A PID controller operates with no system model taken into account. A PID controller adds a pole at zero and two zeros to the system; these can be adjusted to tune the system response.

The problem with trying to use a PID controller on an unstable system is that you need to tune the zeros of the controller to exactly equal to the unstable poles to achieve pole-zero cancellation. If, for some reason (friction, wear, capacitor aging, vibration, etc.) the controller's zero end up not exactly equal to the unstable poles, then the unstable poles are no longer cancelled and the system goes unstable again.

In scenarios like this, adding zeros is not the solution. The way to control an unstable pole is to actually place the (unstable) open-loop poles somewhere else. In this manner you're not trying to control the system by cancelling the poles, you're actually acting to change the fundamental dynamics of the system.

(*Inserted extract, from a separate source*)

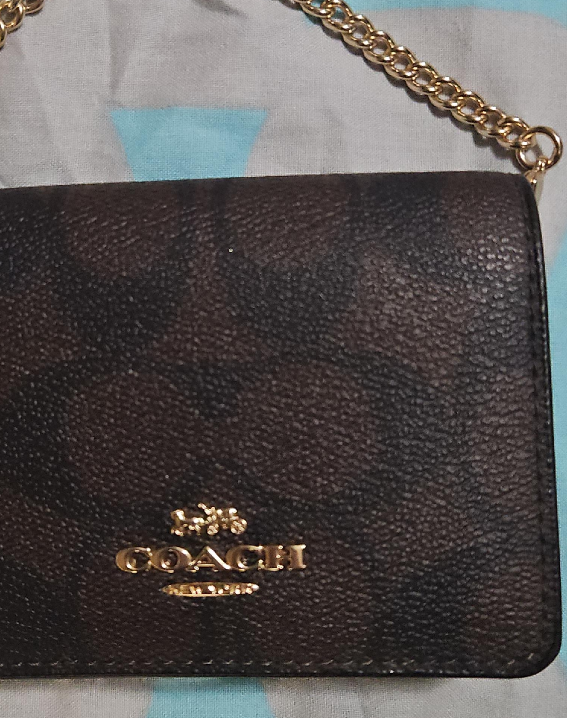 Selling a cute Coach chain wallet in brown and black! It features the classic Coach logo pattern and a stylish gold chain. Perfect for carrying your essentials in style Grand you never use purchased November 2024 MSRP $985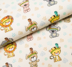 Teplákovina potisk zvířátka si hrají na indiány na béžové

The technique to achieve pole placement is generally state feedback control. This requires a system model because (hand-waving) you need to know which poles are unstable and in order to be able to make them stable. Remember, for stability, a positive pole is unstable and a negative pole is stable, from the inverse Laplace tranform of the pole, $e^{\pm pt}$ - the time response either decays or "explodes" exponentially.

So, once you have a system model and evaluate which poles need to be moved from the right- to the left-hand plane you can calculate the gains required to do the move et voila, the controller is complete. Note the (hand-waving); this can be a very time-consuming task.

So, in conclusion, while you might be able to "skate by" with a PID controller on an unstable system, PID control will never change the pole locations of the underlying system so you will only ever achieve tenuous stability. In order to change the underlying system dynamics, you first need to know the underlying system dynamics, and that's why you need a system model.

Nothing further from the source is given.